Stored data START

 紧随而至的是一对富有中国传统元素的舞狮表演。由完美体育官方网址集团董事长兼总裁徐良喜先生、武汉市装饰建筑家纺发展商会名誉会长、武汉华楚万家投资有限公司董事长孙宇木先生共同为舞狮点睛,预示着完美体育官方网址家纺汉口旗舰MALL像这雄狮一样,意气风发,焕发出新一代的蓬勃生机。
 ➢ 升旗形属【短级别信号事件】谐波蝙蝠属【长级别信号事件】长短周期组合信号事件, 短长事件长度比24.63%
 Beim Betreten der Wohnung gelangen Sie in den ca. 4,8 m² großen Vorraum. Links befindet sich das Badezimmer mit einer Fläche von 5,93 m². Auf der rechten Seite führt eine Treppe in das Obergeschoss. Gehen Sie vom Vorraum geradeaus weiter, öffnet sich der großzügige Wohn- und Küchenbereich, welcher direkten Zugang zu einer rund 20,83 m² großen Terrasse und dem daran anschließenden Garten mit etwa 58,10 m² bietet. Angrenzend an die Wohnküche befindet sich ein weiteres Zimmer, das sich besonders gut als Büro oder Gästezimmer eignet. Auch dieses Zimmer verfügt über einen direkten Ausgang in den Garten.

Stored data END
Stored data START

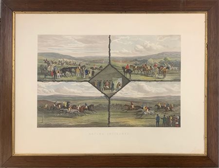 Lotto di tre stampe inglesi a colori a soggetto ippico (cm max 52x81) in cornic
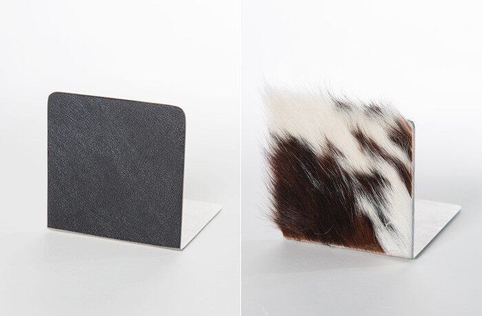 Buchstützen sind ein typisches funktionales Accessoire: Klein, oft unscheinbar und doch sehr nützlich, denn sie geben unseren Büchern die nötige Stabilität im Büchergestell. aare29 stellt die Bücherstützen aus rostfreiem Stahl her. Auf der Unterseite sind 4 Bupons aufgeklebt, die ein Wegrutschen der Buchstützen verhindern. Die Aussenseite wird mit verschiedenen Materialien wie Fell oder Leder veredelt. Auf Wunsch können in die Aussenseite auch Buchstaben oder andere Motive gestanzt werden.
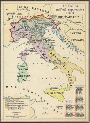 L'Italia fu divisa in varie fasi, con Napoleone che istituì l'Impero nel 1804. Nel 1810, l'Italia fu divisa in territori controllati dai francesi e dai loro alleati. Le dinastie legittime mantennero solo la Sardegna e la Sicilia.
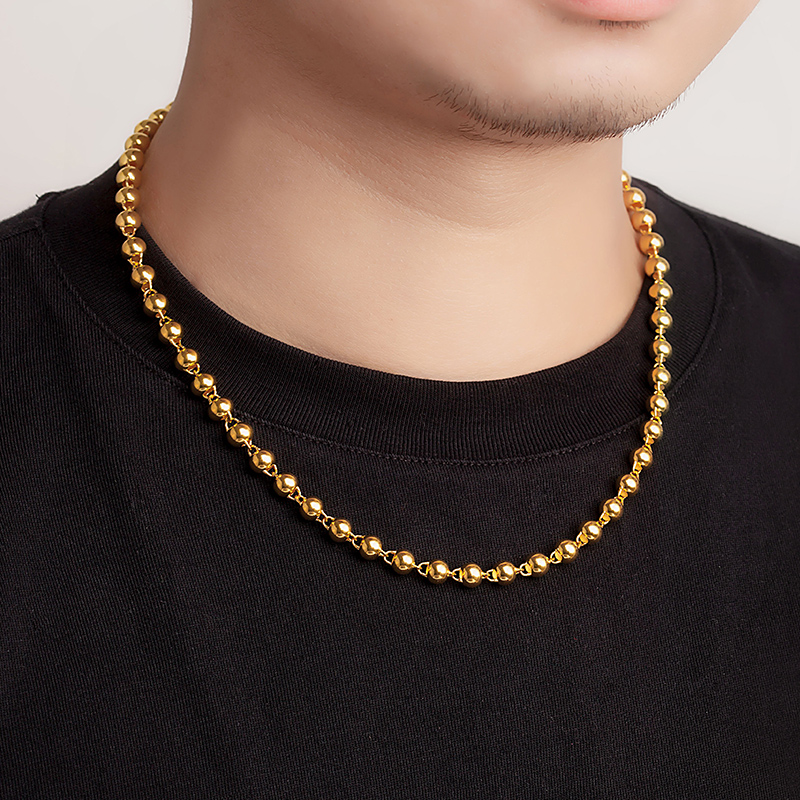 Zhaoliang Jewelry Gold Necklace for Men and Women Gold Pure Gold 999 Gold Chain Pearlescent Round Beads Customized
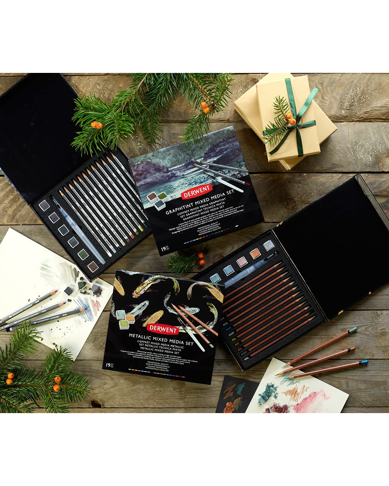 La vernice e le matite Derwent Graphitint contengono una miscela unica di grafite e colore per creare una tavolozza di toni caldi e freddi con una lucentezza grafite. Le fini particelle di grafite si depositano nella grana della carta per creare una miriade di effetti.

Stored data END

Aim of the task:
Your answer must consist solely of the lines above between the line holding "紧随而至的是一对富有中国传统" and the line holding "Beim Betreten der", inclusive, copied exactly.

Expected output:
 紧随而至的是一对富有中国传统元素的舞狮表演。由完美体育官方网址集团董事长兼总裁徐良喜先生、武汉市装饰建筑家纺发展商会名誉会长、武汉华楚万家投资有限公司董事长孙宇木先生共同为舞狮点睛,预示着完美体育官方网址家纺汉口旗舰MALL像这雄狮一样,意气风发,焕发出新一代的蓬勃生机。
 ➢ 升旗形属【短级别信号事件】谐波蝙蝠属【长级别信号事件】长短周期组合信号事件, 短长事件长度比24.63%
 Beim Betreten der Wohnung gelangen Sie in den ca. 4,8 m² großen Vorraum. Links befindet sich das Badezimmer mit einer Fläche von 5,93 m². Auf der rechten Seite führt eine Treppe in das Obergeschoss. Gehen Sie vom Vorraum geradeaus weiter, öffnet sich der großzügige Wohn- und Küchenbereich, welcher direkten Zugang zu einer rund 20,83 m² großen Terrasse und dem daran anschließenden Garten mit etwa 58,10 m² bietet. Angrenzend an die Wohnküche befindet sich ein weiteres Zimmer, das sich besonders gut als Büro oder Gästezimmer eignet. Auch dieses Zimmer verfügt über einen direkten Ausgang in den Garten.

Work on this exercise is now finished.